Orhan Pamuk trad. Munevver Andac, Le livre noir , Paris, Gallimard, 1995 (Istanbul, 1990), Folio n° 2897, 716 pages

Résumé

Istanbul se couvre d’une neige abondante. Elle efface les pas de Galip comme le temps gomme ses souvenirs. Et ses souvenirs, il les fouille, il les ressasse, surtout ceux de sa vie de couple, interrompue brutalement, le jour où Ruya a disparu. Un départ plutôt qu’une disparition, comme les dix-neuf mots qu’elle a laissés - pas un de plus, pas un de moins - portent à le croire. Il n’y a là rien qui soit de nature à l’éclairer sur les raisons qui ont motivé son acte.
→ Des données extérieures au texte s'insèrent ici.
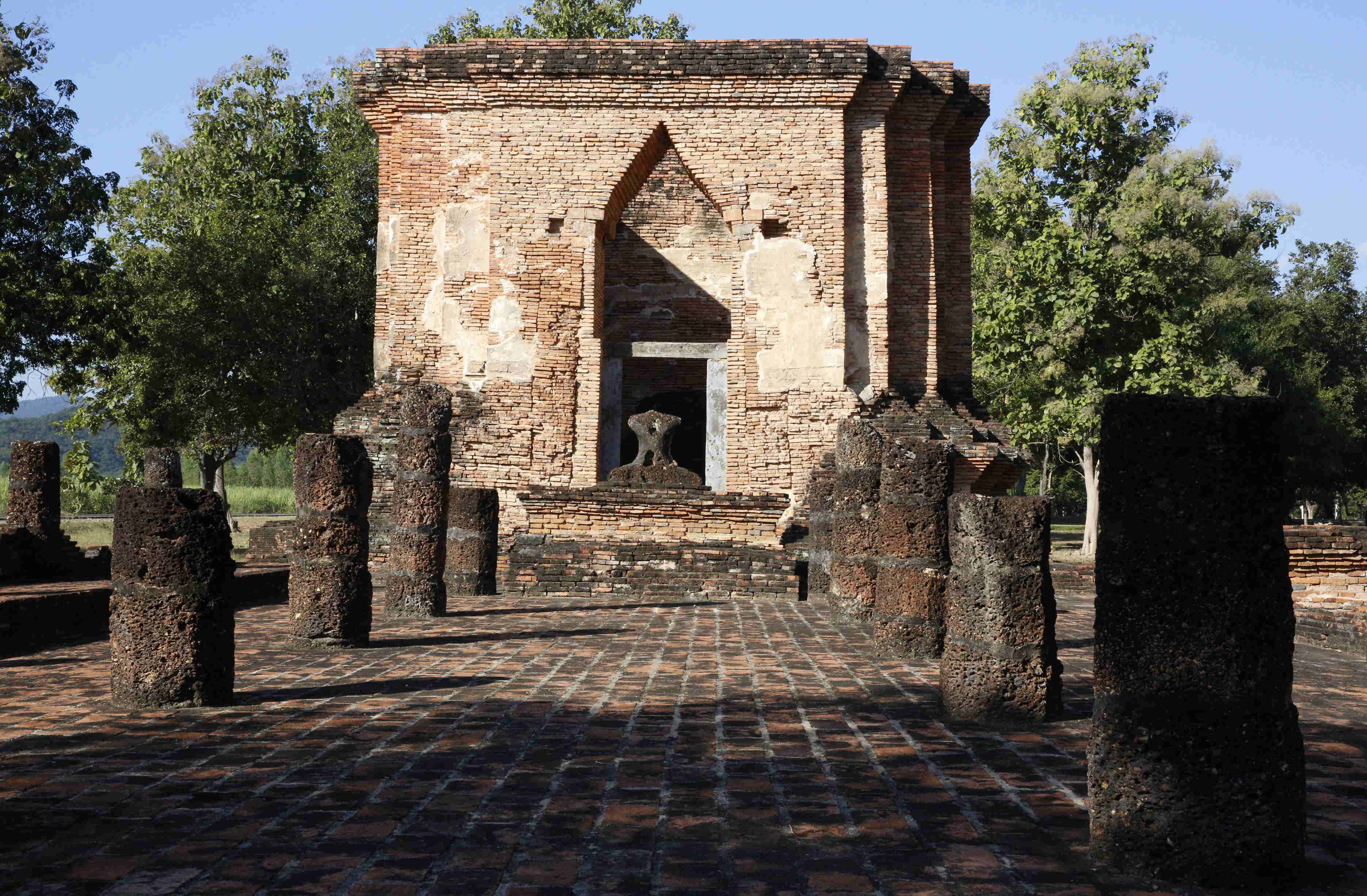 ワット・トラパーン・トーン・ランは四面に壁龕があり仏像が置かれていた。これもスコタイ様式の特徴とか。復元図の掲示板もある。この建物に段の付いた四角錐(ピラミッド形)の屋根があった。また切妻屋根を上にする二段の屋根を持つ、吹きさらしのお堂が付いていた。

Le mystère est complet et l’énigme reste entière à l’image du portrait imprécis que ses souvenirs s’efforcent de dresser de sa compagne.
Elle parlait peu, vivait recluse dans leur petit appartement, lisait avidement des romans policiers mais il n’y avait rien qui permît vraiment de l’assimiler à une femme au foyer, « cette créature entourée d’enfants et de détergents ».
Galip se lance toutefois dans des recherches pour la retrouver ainsi que son cousin Djélâl qui semble s’être volatilisé lui aussi. La coïncidence prête à toutes les suppositions.
Ce journaliste anticonformiste tenait avec succès une rubrique originale dans un grand quotidien de la capitale. Il avait l’habitude de dissimuler ses diverses adresses et de multiplier les numéros de téléphone, ce qui passait pour une fantaisie aux yeux de ses collègues et de ses lecteurs.
Cela n’est évidemment pas de nature à le rassurer et encore moins à faciliter sa quête. Galip se replonge dans les lectures des articles, y cherchant des indices. L’investigation promet d’être longue, délicate tant les pistes semblent être brouillées, tant la ville d’Istanbul apparaît labyrinthique, tant les questions sur sa vie et sur son couple sont nombreuses. Quelle qu’en soit l’issue, un désir surpasse tous les autres…, celui de comprendre…

Commentaire

Dès les premières pages, Le livre noir a toutes les apparences de la romance ou de la saga familiale puis, rapidement, le lecteur a l’impression de s’engager dans un roman d’aventures, d’un type bien singulier cependant. Les événements et les péripéties qui se succèdent sont davantage le fruit de l’imagination du protagoniste, un jeune avocat délaissé par sa compagne, qui cherche en priorité, en lui-même et dans son passé, les raisons de cette énigmatique disparition. En outre, la douloureuse errance à travers une Istanbul mystérieuse et fantomatique ont peu de choses en commun avec les longues chevauchées dans d’immenses espaces auxquels les maîtres du genre ont habitué leurs lecteurs.
La quête du héros – ou du anti-héros – est toute intérieure. Il se cherche lui-même, il s’interroge sur sa maladresse maladive, ses difficultés d’expression, son caractère introverti ou s’apitoie sur son physique ingrat en décrivant lui-même son « visage asymétrique ». On en arrive alors à n’être plus surpris à ce qu’il se perde dans le dédale des rues de la mégalopole à l’instar du Minotaure. Peut-être est-ce là une métaphore de toute existence, où l’objectif ultime – chimérique parfois - que chacun assigne à sa vie, conduit l’homme souvent à errer sur des chemins bien différents des lignes droites sur lesquelles il semblait s’être engagé ?
Continuellement, le doute et l’incertitude planent sur l’ouvrage. On s’inquiète bien sûr du sort de Galip et de la réussite de ses entreprises, mais, en partageant ses pensées, on partage aussi ses inquiétudes et ses interrogations. Avec lui, on cherche à comprendre Ruya, à comprendre Djélâl, à comprendre l’autre qui est toujours plus complexe et plus profond qu’on ne peut le penser a priori. Proposés en alternance avec le récit des aventures de Galip, les articles de Djélâl, aux titres poétiques (« Le jour où se retireront les eaux du Bosphore », « La boutique d’Alâaddine ») et aux sujets mystérieux, concourent grandement à nourrir cette réflexion métaphysique.